System information
- Length: 4,070 km (2,530 mi)
- Formed: December 18, 2019; 6 years ago

Highway names
- Distributor Roads: Dxxx

System links
- Transport in Oman;

= Distributor roads in Oman =

Distributor roads in Oman are the fourth category of road in the Omani route numbering system and are designated with route numbers beginning with "D".

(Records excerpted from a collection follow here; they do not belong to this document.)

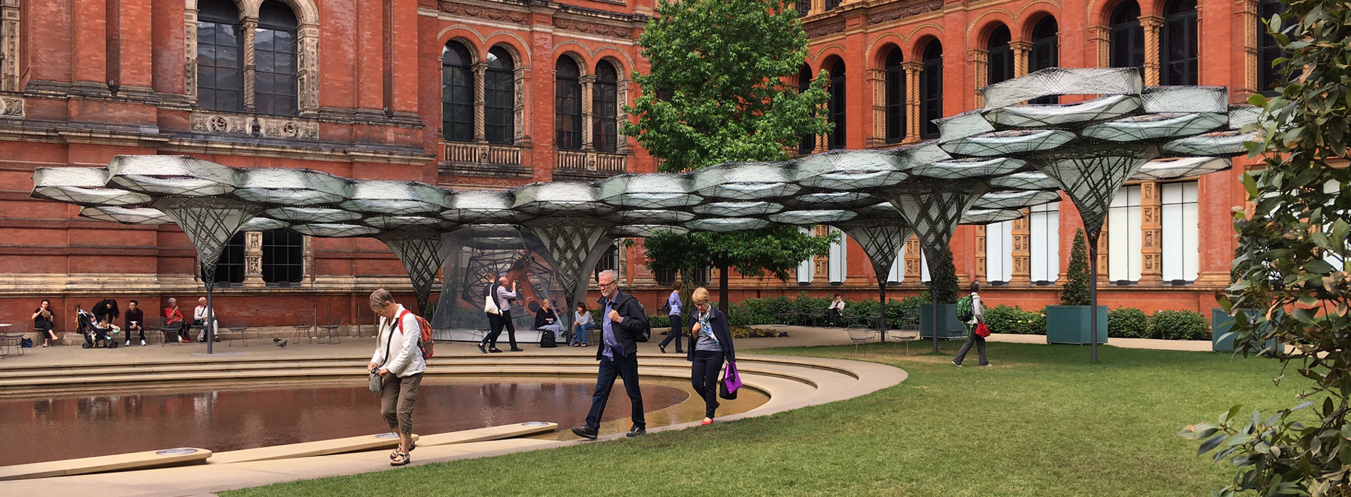 As a centrepiece of the V&A’s Engineering Season Elytra Filament Pavilion demonstrates how architectural design can unfold from a synergy of structural engineering, environmental engineering and production engineering, resulting in unique spatial and aesthetic qualities. The installation is open until Sunday, 6 November 2016.
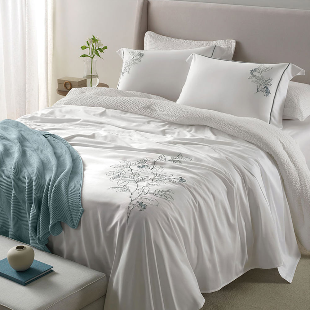 Jogo De Cama Bali Bambu 400 Fios Queen Branco - Kacyumara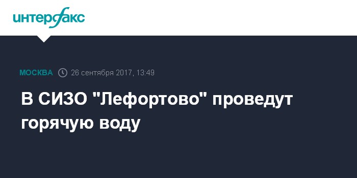 Москва. 26 сентября. INTERFAX.RU - В следственном изоляторе "Лефортово" будет проведена система горячего водоснабжения, которой раньше не было, сообщила уполномоченный по правам человека в Москве Татьяна Потяева.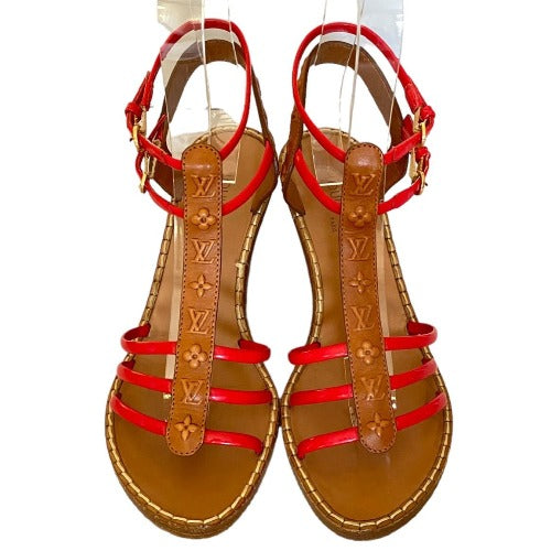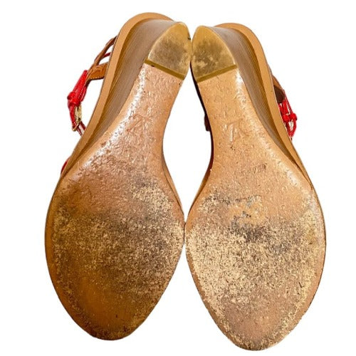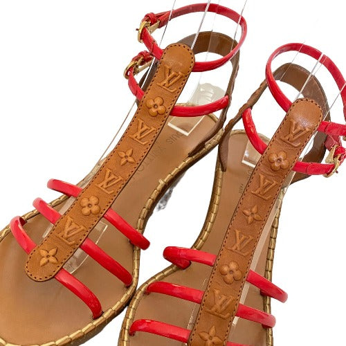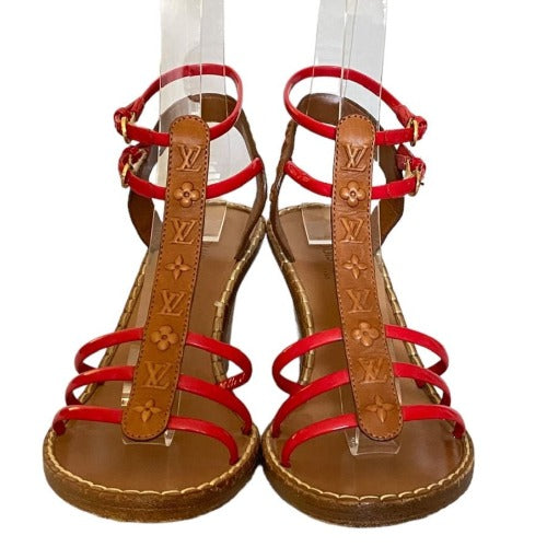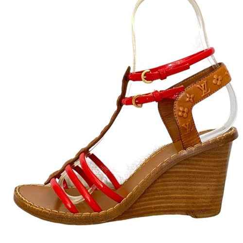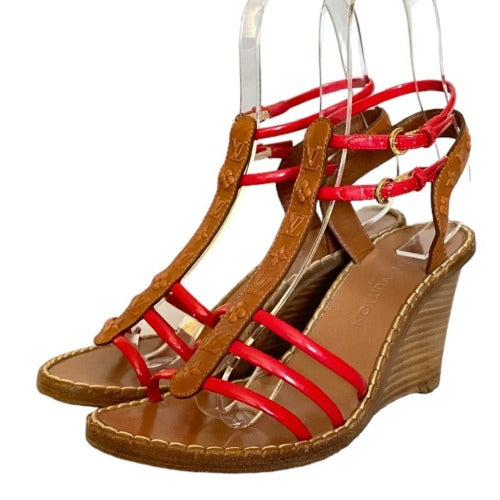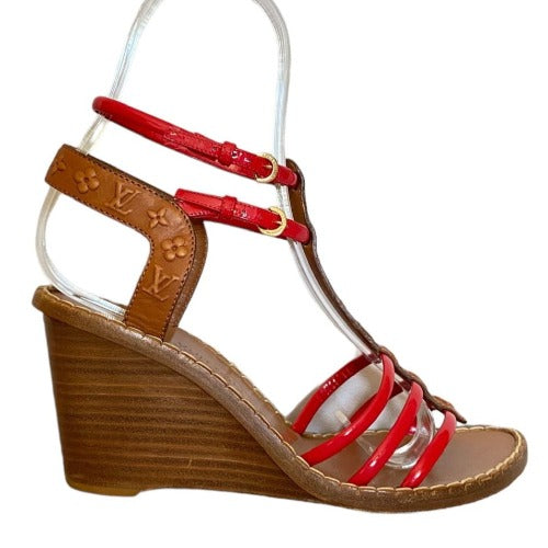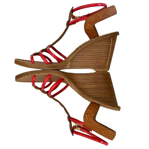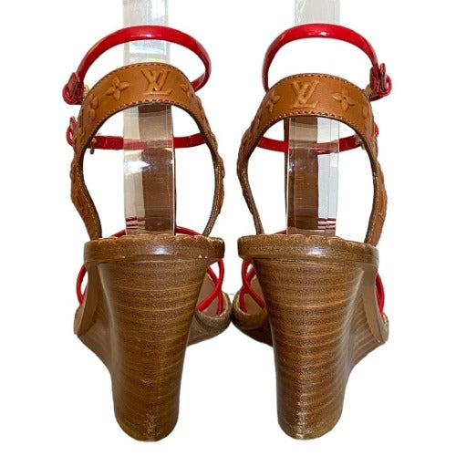 LOUIS VUITTON Brown Monogram Embossed Leather, Red Patent Strappy Wedges Size 37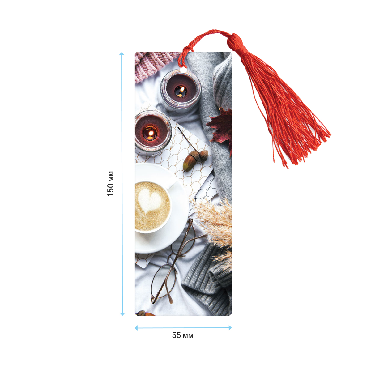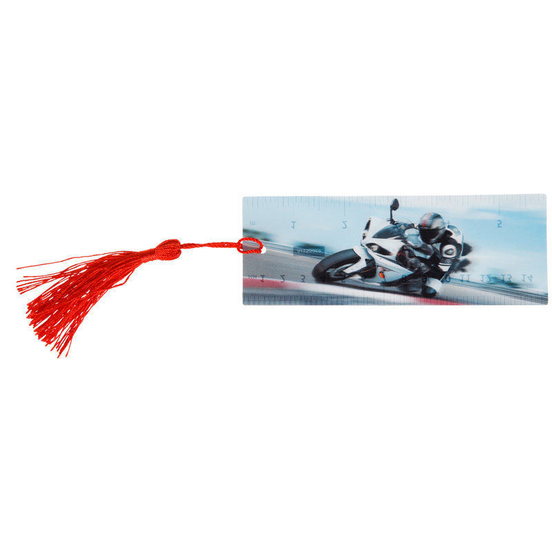 Закладка для книг с 3D- изображением. Имеется текстильная кисточка (декоративный шнурок). На обратной стороне нанесена измерительная шкала, что позволяет использовать закладку также в качестве линейки.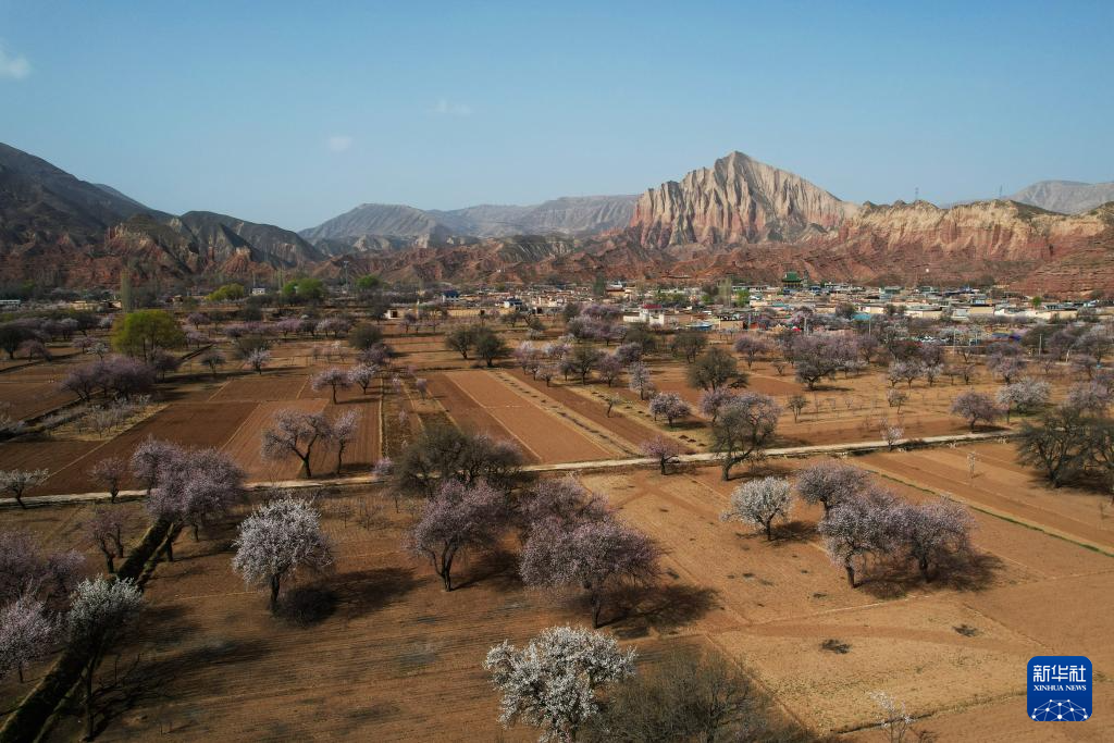 这是4月3日在甘肃省东乡县唐汪镇拍摄的杏园风光(无人机照片)。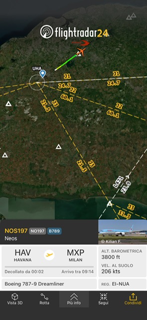 A Cuba, all’aeroporto José Martì di Havana c’é stato un aereo fermo della Neos. É da ieri notte, quando era atterrato alle 00:22 con un ritardo di un ora e mezza sul volo NO196 originante da Milano Malpensa via Roma Fiumicino. É ripartito qualche minuto fà alle 05:02, le 11:02 italiane con oltre 28 ore di ritardo, in quanto doveva partire alle 00:55 di ieri ora locale di Havana.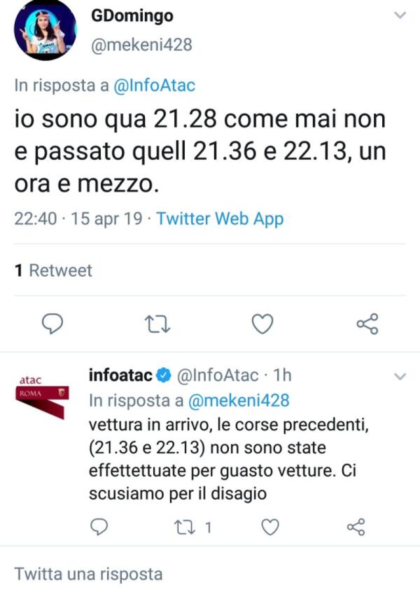 Situazione Trasporto Pubblico Roma martedì 16 aprile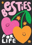 Featuring bold colourful typography on a black background with stars and an illustration of 2 cherry hearts with a smiley face on them.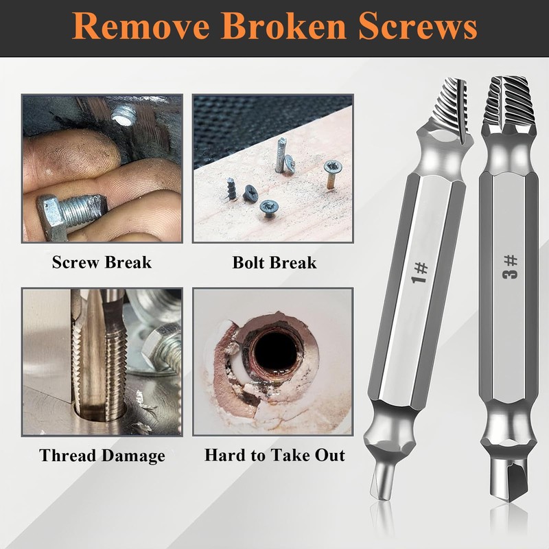 • Versatile Application: Works with any drill on any screw or bolt, easily handles most problems such as removing rusty, broken and stripped screws and bolts, suitable for home repairs, car maintenance, and construction projects and more

The distributor road system was established on December 18, 2019, by the Ministry of Transport (now the Ministry of Transport, Communications and Information Technology), through the Road Numbering and Classification Guide. The guide outlined two hundred and twenty-three distributor roads detailing their official classification, names, start and end point and distances.

== Definition ==
According to the 2017 Road Design Guide, distributor roads are required to meet the following standards:

- Accommodate low-speed travel.
- Links areas that generate high traffic volumes such as urban areas and major villages.
- Service roads connected to higher-rated roads.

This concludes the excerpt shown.